Reproduce, exactly and in full, only the lines below from the one containing "Светло-розовая прозрачная юбка" through the one containing "云南女子盲人足球队在最后一轮比赛中2∶0战胜河南队获得冠军。记者 黄兴能 摄".

Dataset records:
_ _ _ _
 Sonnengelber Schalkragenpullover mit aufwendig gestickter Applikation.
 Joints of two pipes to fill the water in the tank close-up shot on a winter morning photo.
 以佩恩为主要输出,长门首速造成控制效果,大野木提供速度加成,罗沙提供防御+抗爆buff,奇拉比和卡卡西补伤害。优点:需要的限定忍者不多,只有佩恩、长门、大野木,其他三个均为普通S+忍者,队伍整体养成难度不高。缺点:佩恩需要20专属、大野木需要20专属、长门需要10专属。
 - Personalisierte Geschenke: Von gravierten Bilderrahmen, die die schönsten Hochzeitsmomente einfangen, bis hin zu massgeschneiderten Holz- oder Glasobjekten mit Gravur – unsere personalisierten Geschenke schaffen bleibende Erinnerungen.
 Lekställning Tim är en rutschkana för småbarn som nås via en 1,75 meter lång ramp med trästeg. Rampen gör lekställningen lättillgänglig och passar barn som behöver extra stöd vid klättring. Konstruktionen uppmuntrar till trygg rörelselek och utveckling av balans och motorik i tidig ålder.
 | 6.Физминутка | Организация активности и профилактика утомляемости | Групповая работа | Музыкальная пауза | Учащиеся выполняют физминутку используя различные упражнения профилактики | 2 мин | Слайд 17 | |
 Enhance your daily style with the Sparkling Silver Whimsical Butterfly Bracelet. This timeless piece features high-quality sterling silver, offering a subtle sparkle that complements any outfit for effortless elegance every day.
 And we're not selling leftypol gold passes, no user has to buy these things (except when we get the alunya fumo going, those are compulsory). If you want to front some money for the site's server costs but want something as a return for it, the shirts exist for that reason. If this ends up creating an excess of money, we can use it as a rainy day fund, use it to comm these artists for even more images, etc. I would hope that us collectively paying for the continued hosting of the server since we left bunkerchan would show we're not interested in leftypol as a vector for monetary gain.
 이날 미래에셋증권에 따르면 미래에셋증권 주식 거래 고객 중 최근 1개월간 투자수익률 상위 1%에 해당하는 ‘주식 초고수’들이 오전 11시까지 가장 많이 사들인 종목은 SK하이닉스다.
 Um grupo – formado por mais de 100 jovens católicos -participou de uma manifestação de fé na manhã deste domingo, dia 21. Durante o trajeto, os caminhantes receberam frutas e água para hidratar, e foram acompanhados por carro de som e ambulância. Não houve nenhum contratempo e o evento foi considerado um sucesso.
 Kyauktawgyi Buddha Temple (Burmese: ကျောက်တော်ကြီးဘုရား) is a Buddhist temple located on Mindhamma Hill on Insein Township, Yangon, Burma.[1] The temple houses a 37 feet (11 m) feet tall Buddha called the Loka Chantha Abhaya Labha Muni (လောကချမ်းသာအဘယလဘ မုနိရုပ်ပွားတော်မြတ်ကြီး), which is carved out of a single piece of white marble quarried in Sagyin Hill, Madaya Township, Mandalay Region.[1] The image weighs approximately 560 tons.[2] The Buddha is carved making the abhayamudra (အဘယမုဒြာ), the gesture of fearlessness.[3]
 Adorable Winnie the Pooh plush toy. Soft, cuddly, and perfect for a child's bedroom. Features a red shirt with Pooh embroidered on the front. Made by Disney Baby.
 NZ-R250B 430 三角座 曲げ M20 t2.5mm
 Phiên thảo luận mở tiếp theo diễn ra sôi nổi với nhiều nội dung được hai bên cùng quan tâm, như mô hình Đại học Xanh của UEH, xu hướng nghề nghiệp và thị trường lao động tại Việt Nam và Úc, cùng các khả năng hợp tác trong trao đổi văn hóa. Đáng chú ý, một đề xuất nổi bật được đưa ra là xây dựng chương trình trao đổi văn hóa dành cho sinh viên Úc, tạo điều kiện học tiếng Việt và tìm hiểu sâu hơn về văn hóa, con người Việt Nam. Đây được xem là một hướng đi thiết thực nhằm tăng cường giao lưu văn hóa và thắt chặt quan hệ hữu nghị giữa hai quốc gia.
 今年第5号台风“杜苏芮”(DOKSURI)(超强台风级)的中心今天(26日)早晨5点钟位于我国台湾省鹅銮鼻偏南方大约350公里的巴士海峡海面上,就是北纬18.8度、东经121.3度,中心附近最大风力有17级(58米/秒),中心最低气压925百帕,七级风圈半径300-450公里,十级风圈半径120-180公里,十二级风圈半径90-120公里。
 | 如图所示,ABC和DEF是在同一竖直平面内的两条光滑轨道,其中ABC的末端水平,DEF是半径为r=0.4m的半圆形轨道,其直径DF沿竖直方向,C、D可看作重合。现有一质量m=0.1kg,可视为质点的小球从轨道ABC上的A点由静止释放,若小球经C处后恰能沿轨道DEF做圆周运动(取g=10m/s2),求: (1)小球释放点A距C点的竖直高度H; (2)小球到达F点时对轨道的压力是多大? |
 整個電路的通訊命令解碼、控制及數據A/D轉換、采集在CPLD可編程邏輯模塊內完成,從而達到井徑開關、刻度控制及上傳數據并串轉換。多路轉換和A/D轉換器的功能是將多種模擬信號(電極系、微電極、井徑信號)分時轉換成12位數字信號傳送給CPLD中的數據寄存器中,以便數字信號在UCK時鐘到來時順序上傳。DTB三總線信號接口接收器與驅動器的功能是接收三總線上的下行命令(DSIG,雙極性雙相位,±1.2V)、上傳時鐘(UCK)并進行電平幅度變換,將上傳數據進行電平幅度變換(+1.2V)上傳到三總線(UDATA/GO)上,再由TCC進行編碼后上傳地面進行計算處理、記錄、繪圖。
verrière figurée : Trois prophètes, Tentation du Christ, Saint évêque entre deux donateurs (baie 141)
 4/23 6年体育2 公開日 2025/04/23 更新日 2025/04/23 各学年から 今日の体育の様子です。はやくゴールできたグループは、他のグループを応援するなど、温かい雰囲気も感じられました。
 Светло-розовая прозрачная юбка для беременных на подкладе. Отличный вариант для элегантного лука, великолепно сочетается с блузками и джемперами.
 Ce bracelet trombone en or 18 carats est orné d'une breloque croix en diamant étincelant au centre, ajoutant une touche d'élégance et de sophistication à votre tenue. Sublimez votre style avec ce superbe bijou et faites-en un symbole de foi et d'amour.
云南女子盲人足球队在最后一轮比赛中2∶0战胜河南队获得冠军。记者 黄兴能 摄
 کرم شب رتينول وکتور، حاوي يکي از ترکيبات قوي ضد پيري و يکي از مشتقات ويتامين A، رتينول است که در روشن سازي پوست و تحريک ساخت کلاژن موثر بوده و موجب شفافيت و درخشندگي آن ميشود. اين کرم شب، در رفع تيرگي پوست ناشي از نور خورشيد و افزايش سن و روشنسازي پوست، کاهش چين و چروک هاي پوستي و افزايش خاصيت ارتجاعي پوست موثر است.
_ _ _ _
Answer to this exercise:
 Светло-розовая прозрачная юбка для беременных на подкладе. Отличный вариант для элегантного лука, великолепно сочетается с блузками и джемперами.
 Ce bracelet trombone en or 18 carats est orné d'une breloque croix en diamant étincelant au centre, ajoutant une touche d'élégance et de sophistication à votre tenue. Sublimez votre style avec ce superbe bijou et faites-en un symbole de foi et d'amour.
云南女子盲人足球队在最后一轮比赛中2∶0战胜河南队获得冠军。记者 黄兴能 摄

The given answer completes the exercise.